The problem:
Pictures excluded, set down exactly the lines from the one containing "Zelensky warns Israel" through the final line of the material, and only those.

[Opening Supplied records section]

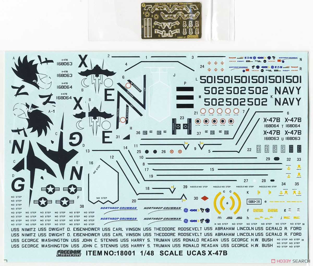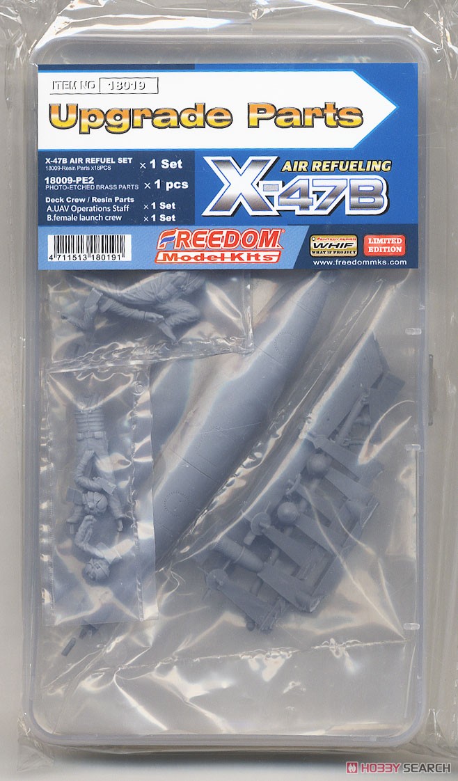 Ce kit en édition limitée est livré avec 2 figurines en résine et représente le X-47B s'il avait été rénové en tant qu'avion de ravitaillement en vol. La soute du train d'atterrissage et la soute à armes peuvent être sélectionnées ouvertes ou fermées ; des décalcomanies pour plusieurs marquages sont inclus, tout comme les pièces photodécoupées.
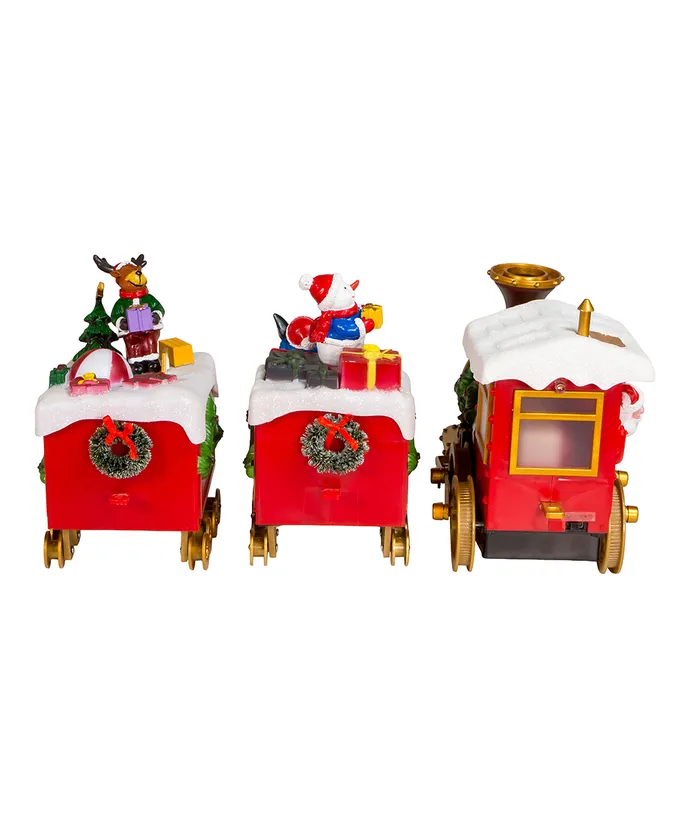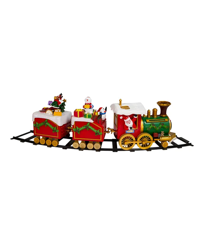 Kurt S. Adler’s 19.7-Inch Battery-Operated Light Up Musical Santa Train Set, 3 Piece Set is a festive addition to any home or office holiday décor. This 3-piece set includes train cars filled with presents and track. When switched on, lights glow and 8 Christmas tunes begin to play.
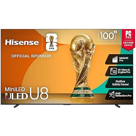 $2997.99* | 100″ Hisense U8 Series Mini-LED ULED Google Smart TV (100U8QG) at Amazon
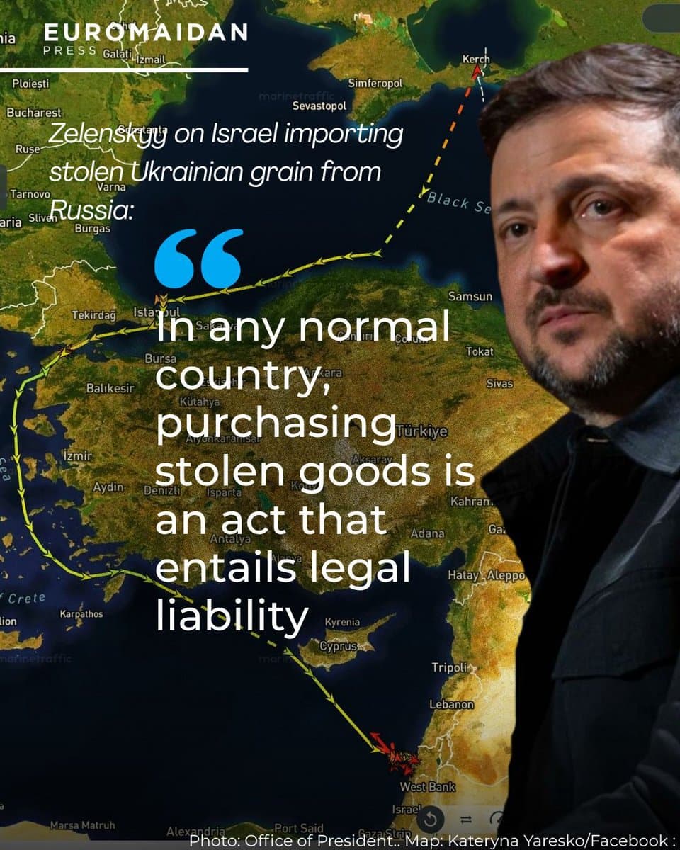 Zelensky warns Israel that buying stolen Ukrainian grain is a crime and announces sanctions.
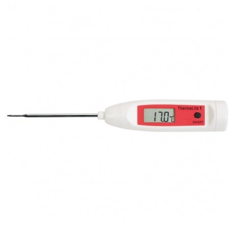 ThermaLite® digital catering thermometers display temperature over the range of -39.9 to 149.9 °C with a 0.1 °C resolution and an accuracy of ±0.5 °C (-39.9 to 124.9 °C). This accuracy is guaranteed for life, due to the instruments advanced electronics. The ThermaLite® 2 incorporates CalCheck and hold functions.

[Closing Supplied records section]

Response box:
 Zelensky warns Israel that buying stolen Ukrainian grain is a crime and announces sanctions.
 ThermaLite® digital catering thermometers display temperature over the range of -39.9 to 149.9 °C with a 0.1 °C resolution and an accuracy of ±0.5 °C (-39.9 to 124.9 °C). This accuracy is guaranteed for life, due to the instruments advanced electronics. The ThermaLite® 2 incorporates CalCheck and hold functions.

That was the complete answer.